Он упрямо помотал головой.
— Сам виноват — да только мне все равно. Все равно, получу образование или нет, мне на все плевать.
— Ты не должен так думать, — растерянно сказала Гвен. — Тебе надо получить образование.
— Черта с два! — Он издал неубедительный смешок. — Говорю тебе: не хочу. Не для меня это… Но когда три месяца ходишь полуголодный, а пособия не просишь из гордости — и вдруг подвернется такой случай… Думаешь, я вор, да? А я тебе скажу: ни разу в жизни так не поступал. Даже в мыслях ничего такого не было — как у тебя самой.
— У меня было, — солгала она.
— Ну да, как же.
— Да. У нас в семье теперь мало денег, и я подумала: если мех продадим, смогу поехать в путешествие или еще что-нибудь.
Он смотрел на нее недоверчиво.
— Правда, думала?
— Недолго, — поспешила уточнить она. — Но думала. — Воспоминание о жемчужине — не жемчужине помогло ей закруглиться. — Я подумала: чья потеря — моя находка.
— Но ведь ты недолго так думала.
— И ты недолго.
С каждым ее словом к нему возвращалось самоуважение, и даже осанка у него изменилась.
— Может, и так, — медленно сказал он и опять с горечью пожал плечами. — Но что теперь об этом говорить, работу-то потерял. И не знаю, найду ли еще.
Она подошла вплотную к столу, скомкав в кулаке четыре бумажки по пятьдесят долларов.
— Эти будут кстати, — сказала она и бросила на стол скомканные деньги.
И не дав ему ни шевельнуться, ни слова сказать, по-детски выбежала из комнаты, захлопнула дверь и сбежала по лестнице к дожидавшемуся автомобилю.
В «Рейнбоу-Рум» было чудесно. Пол парил в облаках, под жадным взглядом Гвен два оркестра рвали спектр на отдельные цвета. Архаический стиль танца англичан исправился под умелым руководством, и, если девушки до сих пор думали, что их поездке чего-то не хватало, этот вечер возместил им все. Весело было кричать подруге Диззи «цып-цып» и делать вид, что сыпешь ей семечки; весело было знать, что Педдлер Тенброк целиком к ее услугам и до конца весны ей будут приходить письма из Англии. Все было весело…
— О чем ты задумалась? — спросил Педдлер.
— Задумалась? — Она вернулась к действительности. — Ну, если тебе хочется знать, я думала о том молодом шофере.
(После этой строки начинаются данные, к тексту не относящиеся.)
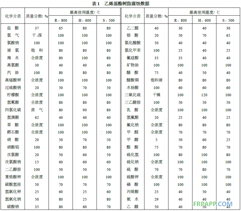 日本昭和高分子株式會社,是世界上最早生產(chǎn)乙烯基酯樹脂的公司之一,對乙烯基酯樹脂進行了500多種化學(xué)介質(zhì)的腐蝕測試。現(xiàn)將部分?jǐn)?shù)據(jù)摘錄如表1。表中R- 800為高耐腐蝕型:H- 600為高耐腐蝕、耐氧化、耐熱、耐溶劑型;S- 500為高耐腐蝕、難燃型。

Он очень хотел поступить в Уильямс-колледж. А теперь потерял работу, и я представила себе, как он сидит там у себя в тоске.
— Давай позвоним ему, — живо откликнулся Педдлер. — Скажем, чтобы ехал к нам. Ты говоришь, он хороший парень.
Гвен подумала.
— Нет, это не самое удачное, — решила она не по годам мудро. — Ему теперь будет тяжело, а этим мы ему не поможем. Не надо.
Она была счастлива и немного повзрослела. Подобно всем детям ее поколения, она воспринимала жизнь как своего рода случайность, торбу с подарками — что вытащишь, то и твое, и нет ни в чем большой определенности. Жемчужина, найденная отцом, не была жемчужиной, а сегодняшние удовольствия — последствия того, что она наткнулась на полсотни шкурок южноамериканских грызунов.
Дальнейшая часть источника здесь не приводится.